Split resulting data frame into paragraphs using the regex provided.

Split resulting data frame into sentences using the regex provided.

Split resulting data frame into tokens using the regex provided.

Be sure to include the OHCO of Chapters, Paragraphs, and Sentences in your data frame's index.

Once you have done this, combine both Persuasion and Sense and Sensibility into a single data frame with an appropriately modified OHCO list. In other words, make sure your index includes a new index level for the book. Use the attached CSV (austen-persuasion.csv Download austen-persuasion.csv) to get the Persuasion data and then import it into your notebook as a data frame.

From the combined data frame, extract a vocabulary, i.e. a data frame with term string as index, along with term frequency and term length as features.

-----

After you have done all this, answer the following questions by extracting features from the corpus.

1. How many raw tokens are in the combined data frame?

2. How many distinct terms are there in the combined data frame (i.e. how big is the vocabulary)?

3. How many more terms does the vocabulary of Sense and Sensibility have than that of Persuasion?

4. What is the average number of tokens, rounded to an integer, per chapter in the corpus?

5. What is the average number of tokens, rounded to an integer, per paragraph in the corpus?

In [297]:
import pandas as pd

In [298]:
import configparser
config = configparser.ConfigParser()
config.read("../env.ini")
data_home = config['DEFAULT']['data_home']
output_dir = config['DEFAULT']['output_dir']

In [299]:
text_file = f"{data_home}/pg161.txt"

Create a notebook  to convert the raw text into a data frame of tokens:

In [300]:
OHCO = ['chap_num', 'para_num', 'sent_num', 'token_num']

LINES = pd.DataFrame(open(text_file, 'r', encoding='utf-8-sig').readlines(), columns=['line_str'])
LINES.index.name = 'line_num'
LINES.line_str = LINES.line_str.str.replace(r'\n+', ' ', regex=True).str.strip()

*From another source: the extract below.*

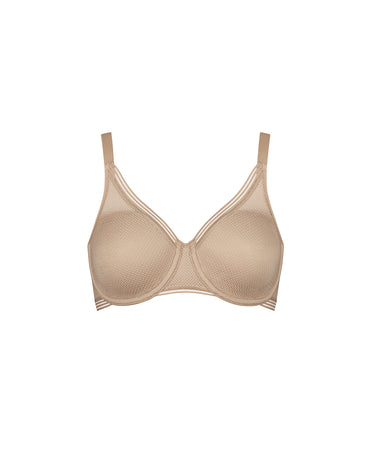 Komfortabel trekvartskålsbh med minimizer effekt. Bh'en reducerer optisk barmen med en skålstørrelse. Bh'en har behagelig, brede stropper og giver optimalt hold og komfort til barmen. Enkel trekvartskålsbh uden polstring i let mesh med formende, fleksible 3D-bøjler, der sidder perfekt om brystet.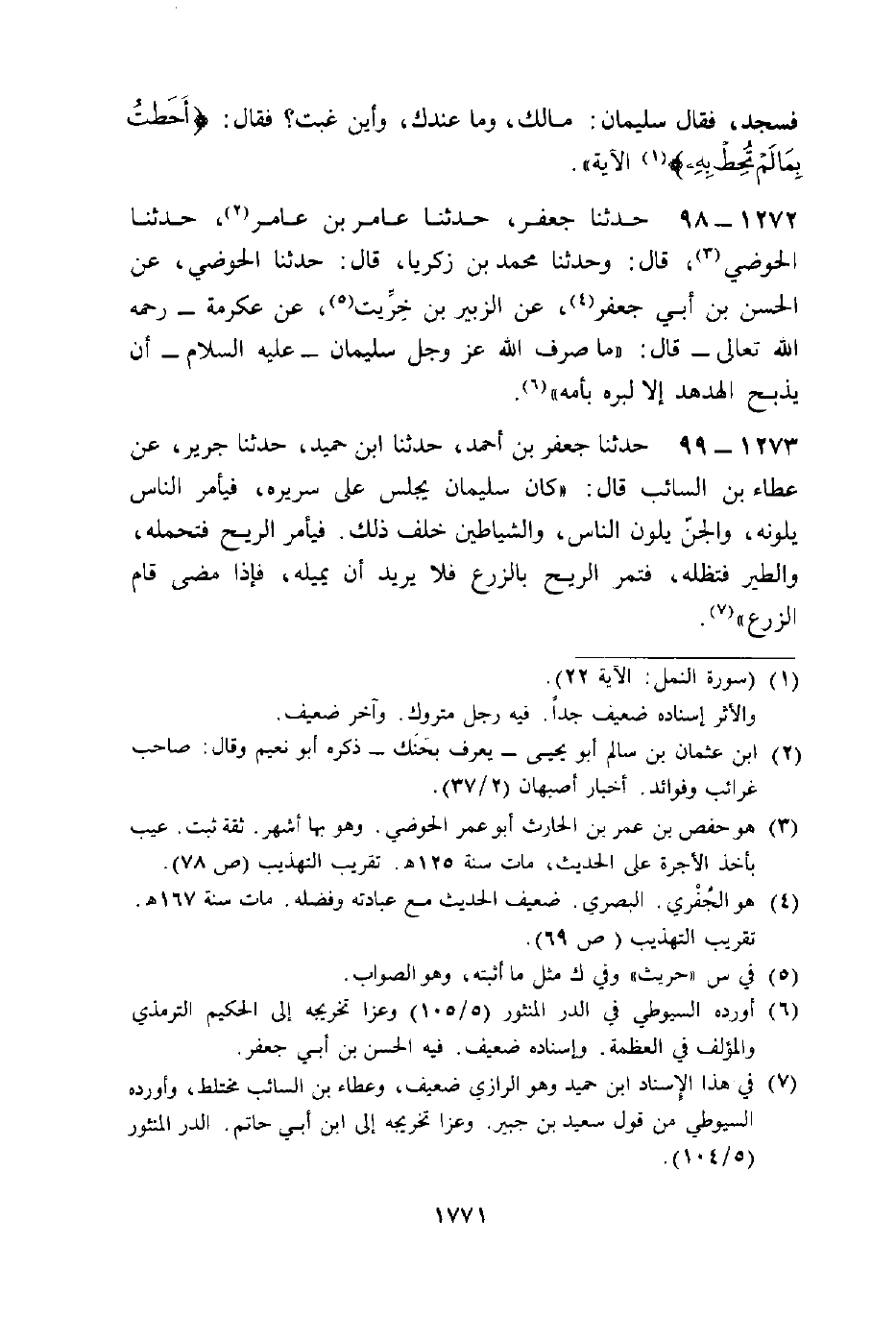 حَدَّثَنَا جَعْفَرُ بْنُ أَحْمَدَ، حَدَّثَنَا ابْنُ حُمَيْدٍ، حَدَّثَنَا جَرِيرٌ، عَنْ عَطَاءِ بْنِ السَّائِبِ قَالَ: «§كَانَ سُلَيْمَانُ يَجْلِسُ عَلَى سَرِيرِهِ فَيَأْمُرُ النَّاسَ يَلُونَهُ، وَالْجِنُّ يَلُونَ النَّاسَ، وَالشَّيَاطِينُ خَلْفَ ذَلِكَ، فَيَأْمُرُ الرِّيحَ فَتَحْمِلُهُ، وَالطَّيْرَ فَتُظِلُّهُ، فَتَمُرُّ الرِّيحُ بِالزَّرْعِ، فَلَا يُرِيدُ أَنْ يُمِيلَهُ، فَإِذَا مَضَى قَامَ الزَّرْعُ»

title = LINES.loc[0].line_str.replace('The Project Gutenberg EBook of ', '')
print(title)

Sense and Sensibility, by Jane Austen


Clip Cruft

In [301]:
clip_pats = [
    r"\*\*\*\s*START OF (?:THE|THIS) PROJECT",
    r"\*\*\*\s*END OF (?:THE|THIS) PROJECT"
]

pat_a = LINES.line_str.str.match(clip_pats[0])
pat_b = LINES.line_str.str.match(clip_pats[1])

line_a = LINES.loc[pat_a].index[0] + 1
line_b = LINES.loc[pat_b].index[0] - 1
print(line_a, line_b)

LINES = LINES.loc[line_a : line_b]

20 12666


chapter headers

In [302]:
chap_pat = r"^\s*(?:chapter|letter)\s+\d+"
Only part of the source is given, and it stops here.